Visual Search Personalization via User Interest Data
Find Innovative SolutionsGenerate Solutions
Solution Overview
Problem
Existing visual query systems focus exclusively on identifying images with similar visual characteristics, failing to reflect the user's true search intent and providing limited personalized search results.
Innovation Solution
A computer-implemented method and system that processes visual search queries by obtaining user-specific visual interest data, generating a ranking of search results based on this data, and providing personalized visual result notifications overlaid on the query image.
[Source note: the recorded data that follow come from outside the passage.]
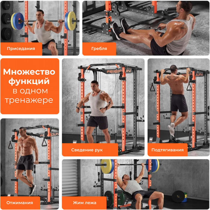 Силовая рама многофункциональная DFC D025— компактное и удобное решение для домашних тренировок, позволяющее выполнять широкий спектр силовых упражнений, включая подтягивания, отжимания на брусьях, тягу верхнего и нижнего блока.
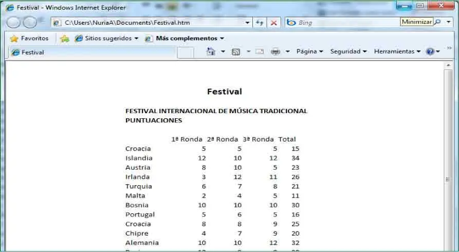 11Se abre así su navegador mostrando la página que acabamos de guardar. Vamos a realizar un cambio en la tabla del libro original para ver qué ocurre en la página. Minimice la ventana del navegador pulsando el botón Minimizarde su Barra de título. ( 8)
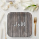 Teller aus Holz mit Platz für Initialen in der Mitte. Nutzen Sie eine lässige, rustikale Hochzeitsfeier, eine Dusche für das Ehepaar oder einen Empfang.
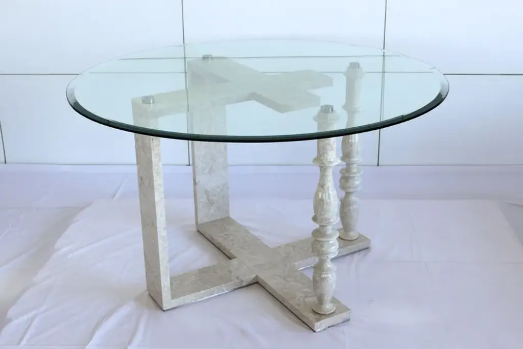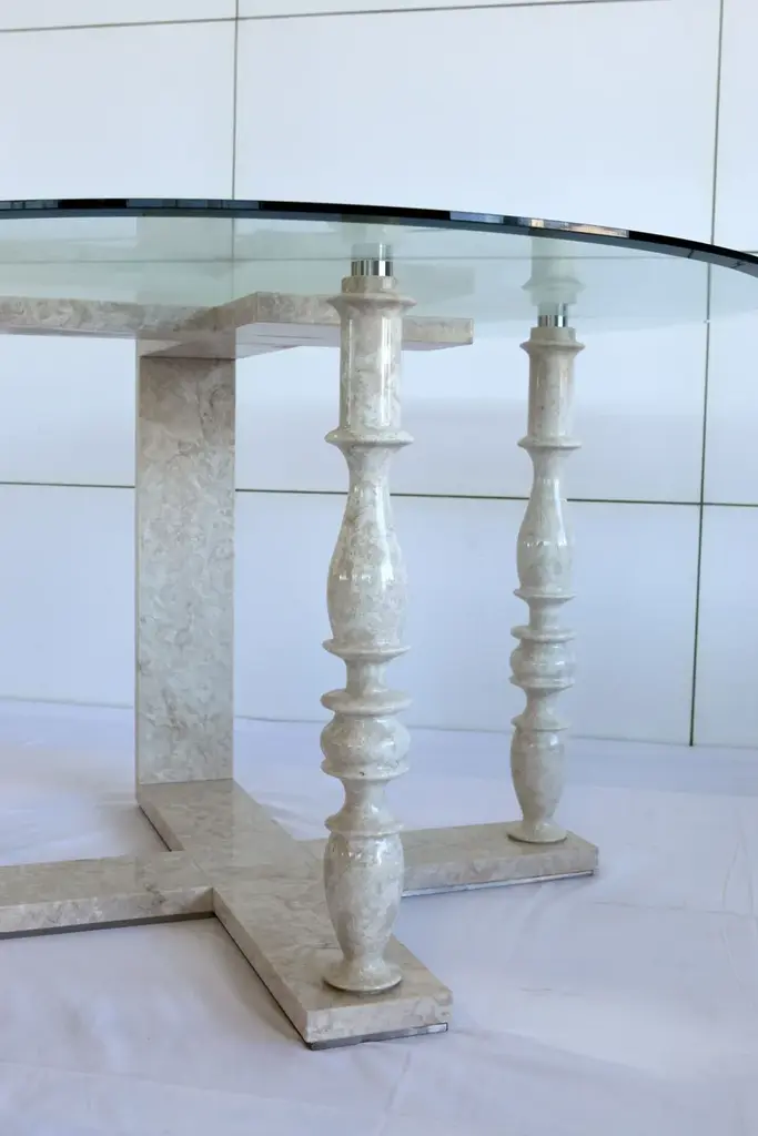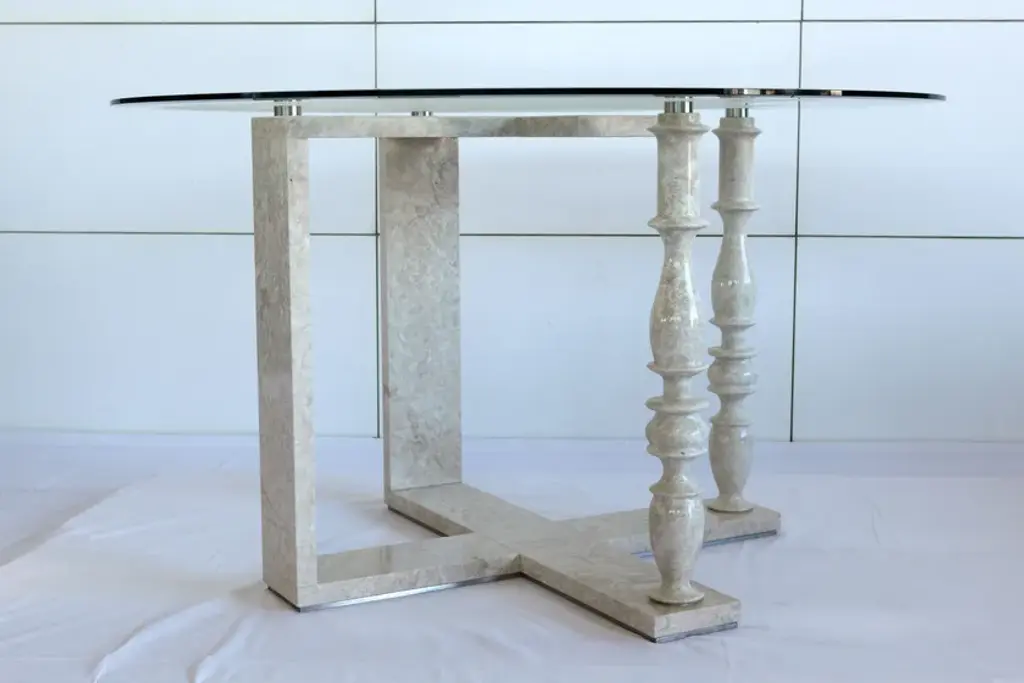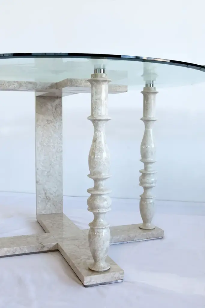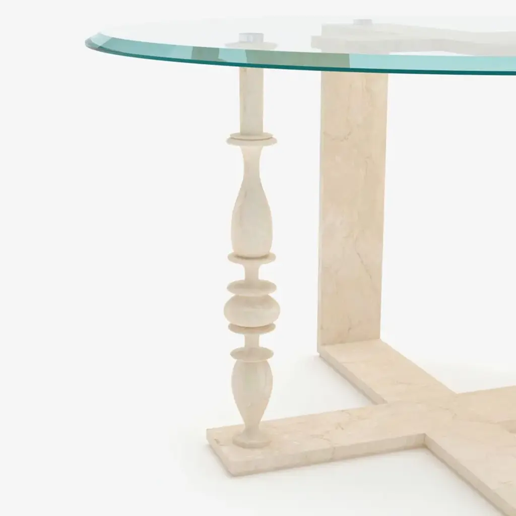 The main feature of the Columns Frame table is the table legs, made entirely of marble, which echo the shape of a column and thus delineate a classic style. The two opposite legs, simple and linear, create a sharp contrast and make the table adaptable to all kinds of environments. The glass top allows us to appreciate the unusual shape of the four legs, joined together only in the base. Created in collaboration with architect and designer Luca Scacchetti, this marble table with a round shape is part of a collection composed of three dining tables, different from each other by the shape of the two columns. Variations in color or slight imperfections are the result of the craftsmanship of this article and are not to be considered defects.
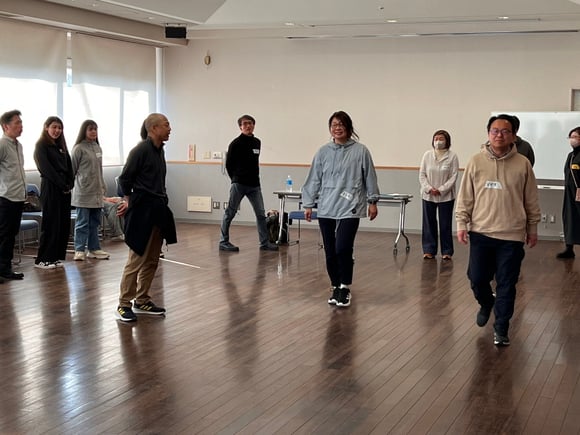 にいがたロケネットの第2回エキストラワークショップが2025年3月22日、新潟市中央区のクロスパルにいがたで開催されました。 参加者約30人はエキストラの心構えを学んだ後、歩く、リアクションなど撮影時に求められる動きを実践。その場で渡された簡単な舞台設定の台本を基にグループに分かれてビデオ撮影を行いました。
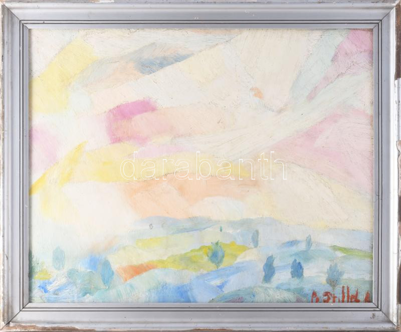 Olvashatatlan jelzéssel, XX. sz. első fele: Színes táj. Olaj, fa. Hátoldalán régi, kissé töredékes raglappal. Dekoratív, sérült fakeretben. 40x50 cm
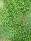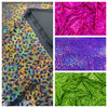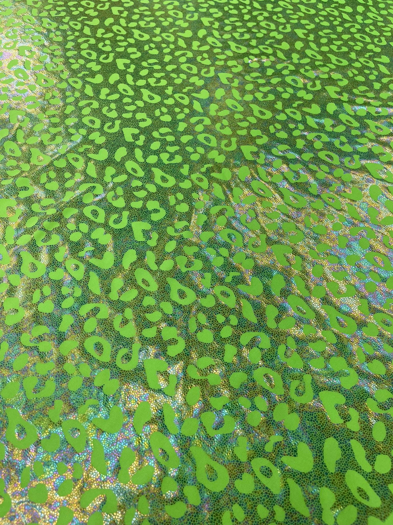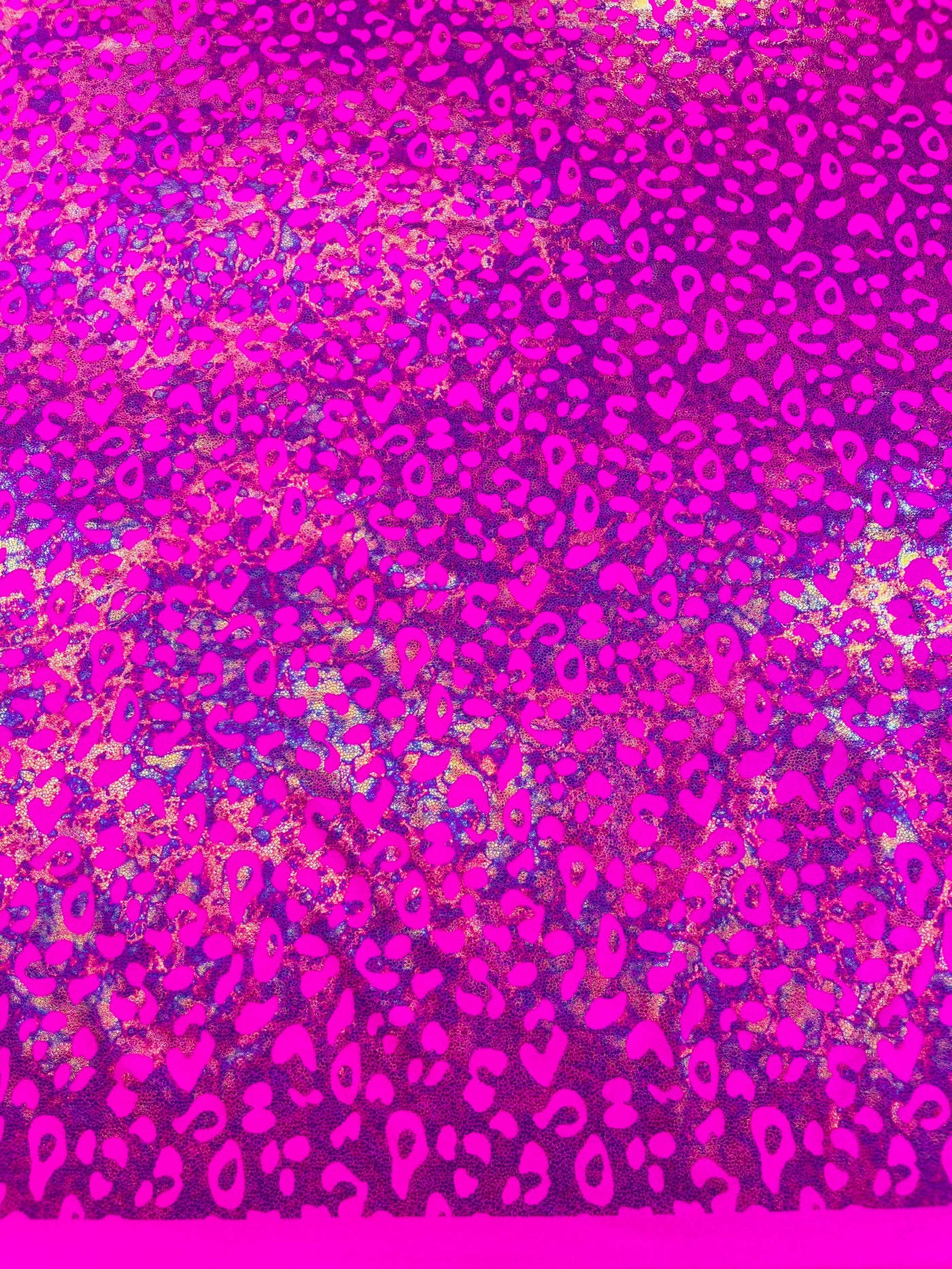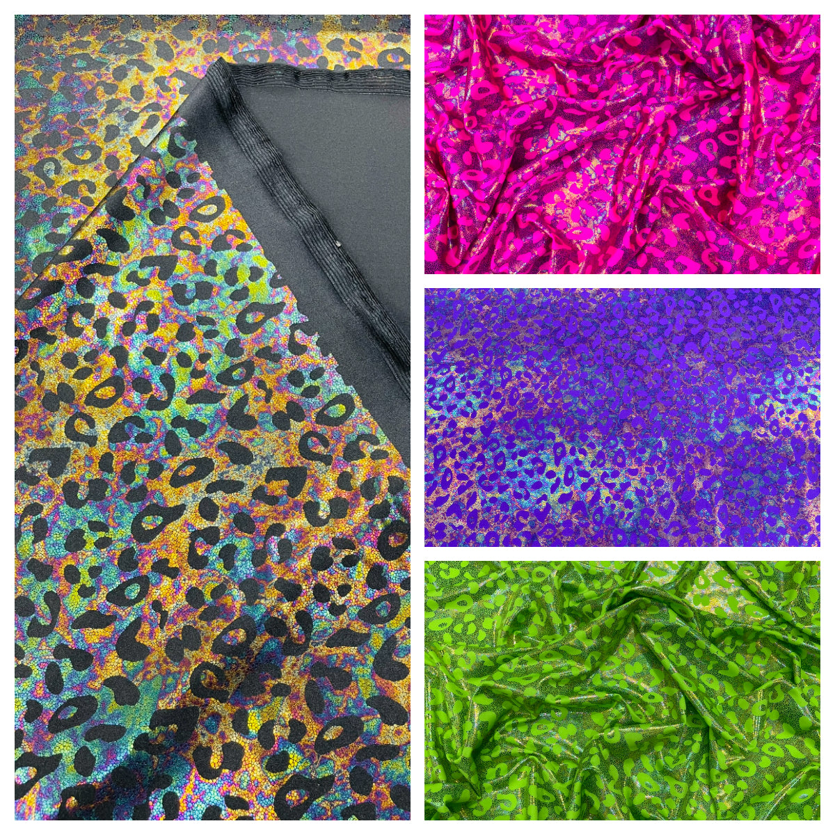This leopard stretch fabric is 80% Nylon and 20% Spandex with a black stretch milliskin . It features a reflective and shimmering leopard print. This leopard print are Ideal for costumes, dresses, leggings, clothing, nightgowns, prom dresses, swim suits, interior décor and much more..
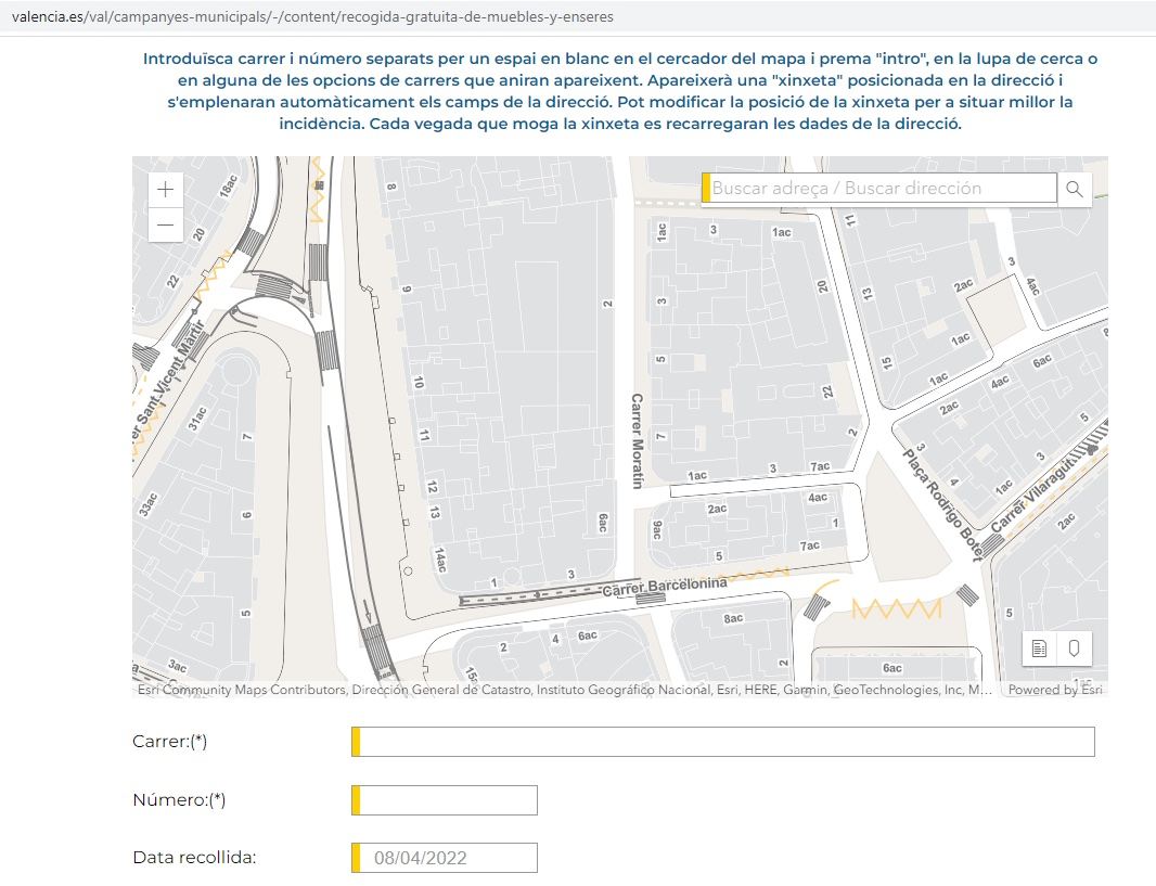 El formulari, disponible en l'apartat “A un clic” del web municipal www.valencia.es, demana a la persona usuària les dades de contacte i informació sobre els objectes a retirar. Una vegada emplenat, la persona usuària també ha de seleccionar al mapa la ubicació on dipositarà els objectes així com la data en què desitja que es realitze eixa recollida. El mateix formulari generarà –en funció del districte i la contracta responsable del mateix– les opcions d'horari en què es podrà efectuar la recollida i el procés es completarà per personal tècnic municipal, que enviarà a la persona usuària un correu electrònic amb un codi alfanumèric amb què identificar el servici de recollida.
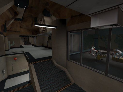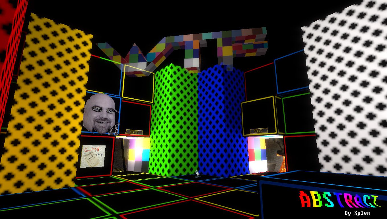 Duel_Idle_Trade_Abstract is the only map I can think of that has all of these crazy things in one map. During a silent time in development with Overturn, I started this project out of sheer boredom and experimented more with the Source engine. The main inspiration of this map came from Nipper and the J2 Abstract Mappack for CSS, along with Turrican and Hondo�s maps. After many headaches and keyboard smashing, I present to you the map you see here!
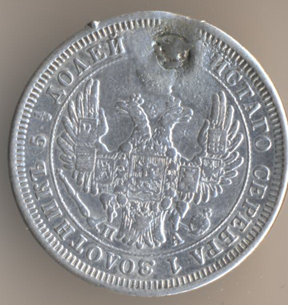 # 5. Russian Empire. 25 kopeks 1852, silver .868, weight - 5,183 g., mintage - 2160000 pcs. Ruler: emperor Nicolas I (1825-1855).

Engineering Contradictions & Design Principles
Engineering Contradiction Analysis
1Adaptability or versatility
If visual search systems focus exclusively on identifying images with similar visual characteristics, then the system can provide consistent visual matching results, but the search results fail to reflect the user's true search intent and lack personalization
Solution Approach 1:
The system performs preliminary actions by obtaining user-specific visual interest data before processing the visual search query. This pre-acquired data about user preferences is stored and ready for use, allowing the system to quickly personalize results without adding complex real-time analysis during the search process itself.
Solution Approach 2:
The patent introduces user-specific visual interest data as an intermediary element between the visual query and search results. This intermediary data layer mediates the matching process by filtering and ranking results based on user preferences, thereby personalizing outcomes without requiring fundamental changes to the core visual search algorithm.
2Loss of information
If the system provides comprehensive search results for all detected objects in the image, then the user receives complete information, but the user interface becomes cluttered with excessive notifications
Solution Approach 1:
The system applies local quality by providing different levels of result presentation based on user interest. Instead of uniformly displaying all results, the system selectively highlights and prioritizes notifications for objects that match user-specific visual interests, while suppressing or minimizing notifications for less relevant objects. This creates a non-uniform, customized information presentation that maintains completeness while improving interface clarity.
Solution Approach 2:
The patent changes the parameter of result prioritization by introducing user interest weights. Search results are ranked not only by visual similarity but also by their relevance to user-specific interests. This parameter change allows the system to dynamically adjust which results are prominently displayed versus those that are less visible, balancing information completeness with interface cleanliness.
3Measurement precision
If the system returns search results for multiple canonical items, then the user receives comprehensive and accurate results, but the system requires more complex processing to identify and retrieve content for multiple items
Solution Approach 1:
The system performs preliminary actions by pre-identifying and storing user-specific visual interest data that captures the user's preferences for different object types, brands, or categories. This pre-processing allows the system to quickly filter and prioritize results for multiple canonical items during the search execution phase, reducing the computational burden of real-time analysis.
Solution Approach 2:
The patent uses copying by creating and storing user interest profiles that replicate patterns of user preference. Instead of analyzing user behavior in real-time during each search, the system copies these preferences into a reusable data structure that can be efficiently applied across multiple searches, maintaining accuracy while improving processing efficiency.
Data Source
AI summary
A user can submit a visual query that includes one or more images. Various processing techniques such as optical character recognition (OCR) techniques can be used to recognize text (e.g. in the image, surrounding image(s), etc.) and/or various object detection techniques (e.g., machine-learned object detection models, etc.) may be used to detect objects (e.g., products, landmarks, animals, humans, etc.) within or related to the visual query. Content related to the detected text or object(s) can be identified and potentially provided to a user as search results or a proactive content feed. As such, aspects of the present disclosure enable the visual search system to more intelligently process a visual query to provide improved search results and content feeds, including those search results which are more personalized and/or consider contextual signals to account for implicit characteristics of the visual query and/or user's search intent.